Film

Chef Special

In Ratatouille, Pixar serves up a picture-perfect tale of heart-friendly haute cuisine.

Simple things done well can be spectacular works of art. Less-than-ideal messengers can end up delivering the news that everyone has been waiting to hear. There's something absolutely pure about standing up and being yourself, never more especially than when the whole world is telling you to seriously consider just being someone else (usually someone more convenient) instead. While it's true that we're all meant for different destinies, it's also true that destiny is an equal opportunity employer ' where we are born doesn't have to determine where we end up, if only we are willing to try. All of which is a fancy way of saying that sometimes a rat needs to be chased from the cupboard, and sometimes he just needs to be given a cookbook.

A summer animation about haute cuisine that's aimed at the kiddie-meal crowd, Pixar's Ratatouille does the latter, the end result a heaping helping of good-humored intelligence garnished with just the right grace notes of silliness and charm. The tale of a country rodent who finds his love of food propelling him to play the (well-disguised) role of big-city chef, Ratatouille is wholly unexpected, a lovely lark of a film, beautifully rendered and fully realized.

Defying his clannish, country, content-with-crumbs family, a wannabe chef sneaks into the kitchen of a once-great-but-now-faded Paris eatery and operates behind the scenes to restore it to its former glory. Seems pretty straightforward, right? Wrong. This chef-in-training can't step anywhere near the kitchen without creating a tempest among the teapots. Remy (Patton Oswalt) is a rat.

Where Remy's more refined tastes come from, he never seems to know; he just knows that his family doesn't understand them. The scavenged food and garbage that satisfies his father Django (Brian Dennehy) and brother Emile (Peter Sohn) only leaves him empty and looking for something different. He discovers that something different during one of his forays into the kitchen of a country farmhouse, a television cooking show proclaiming that "anyone can cook." Remy keeps returning to that kitchen, pilfering spices and reading recipes, until one day the little French farm granny spies him. Pretty soon, the entire rat clan is exposed and running for their lives.

Separated from his family in the frenzy, Remy eventually washes up somewhere in the sewers beneath Paris, his only company the flittering ghost of his TV chef (Brad Garrett) who leads our rodent hero to his old restaurant, Gusteau's. The five-star establishment has slipped to only three under the new chef, Skinner (Ian Holm), a tyrant with a taste for commercialization. When he's not berating his beleaguered staff, he's arranging for Gusteau's once-great name to appear on mass-produced, frozen entrees.
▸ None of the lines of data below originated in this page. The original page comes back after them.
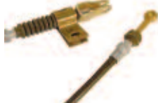
Brake Cable, Driver, Yamaha Gas G16/G20 Length: 43½". OEM: JN6-F6341-00. CBL-006
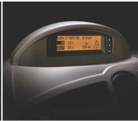
Digital drive assist system
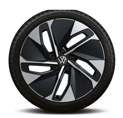
STANDARD ON ID.5 PURE PLUS /PRO / PRO PLUS Optional on ID.5 PURE

19" 'Hamar' alloy wheels 8J x 19 in front, 9J x 19 in rear Tyres: 235/50 R19 in front 255/45 R19 in rear
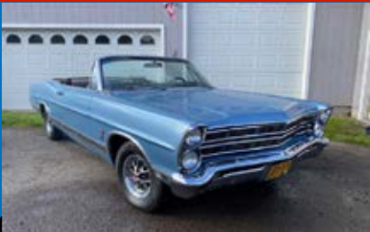
#273 – 1967 FORD GALAXIE 500 XL
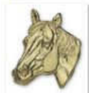
164 Horse Head
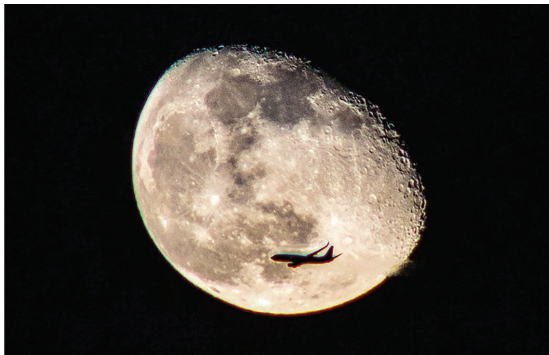
Roscosmos corporation said Russia had plans for building its own base for space crews on the surface of the Moon.
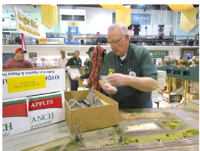
Set up and Break down are a big, but little noticed, part of the effort

RVMRC Passing Track Page 2 of 7 January 2014

Remy and the hapless Linguini (Lou Romano) enter the same night. Young Linguini just wants a job that he can hang on to; Remy wants to soak up the experience of a real-live kitchen. A series of misadventures puts our two heroes together, Remy tucked safely under Linguini's toque playing food-preparation puppetmaster. The duo, of course, creates a series of dishes that impresses diners ' creating, in turn, major complications for their precarious professional arrangement. A contested will, a kitchen romance in the making and a marvelously drawn, maliciously voiced food critic (Peter O'Toole) add spice to all that stewing.

The lush details of Pixar animation manage to make every digital dish mouthwatering. Soups and sauces gleefully bubble and boil, fresh fruits and vegetables roly-poly across cutting boards, and finished entrees exit the kitchen's swinging doors like the tiny little masterpieces they are. The world outside receives the same vibrant treatment. Remy's flume ride of an escape from the farm provides that all-important action-adventure ingredient, but the rush of water and underwater confusion is carefully inked cartoon chaos. Paris glimmers, the lights of the Eiffel Tower shining in the distance, eclipsing the fog-shrouded street lamps.
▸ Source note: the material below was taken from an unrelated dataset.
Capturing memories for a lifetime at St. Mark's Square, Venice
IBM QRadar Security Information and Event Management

The characters, though, are what keep Ratatouille fresh. If you have to put a rat in the kitchen, Remy is a cute little blue bundle of expression and verve. Linguini is an oversized kid, right down to his red Chuck Taylors; the animators give him an incredibly flexible spine, which Remy pulls around, making Linguini remind us of Charlie Chaplin's Little Tramp. When Remy's rat clan shows up in ever-increasing numbers, they are a sea of wide white eyes. The film's sweetest character, though, is the fearsome film critic Anton Ego. Impossibly tall, imposingly angular, Ego is exaggerated and absolutely alive. Like all of Ratatouille's characters, he is headed for a big twist ' and headed there with lipsmacking zest.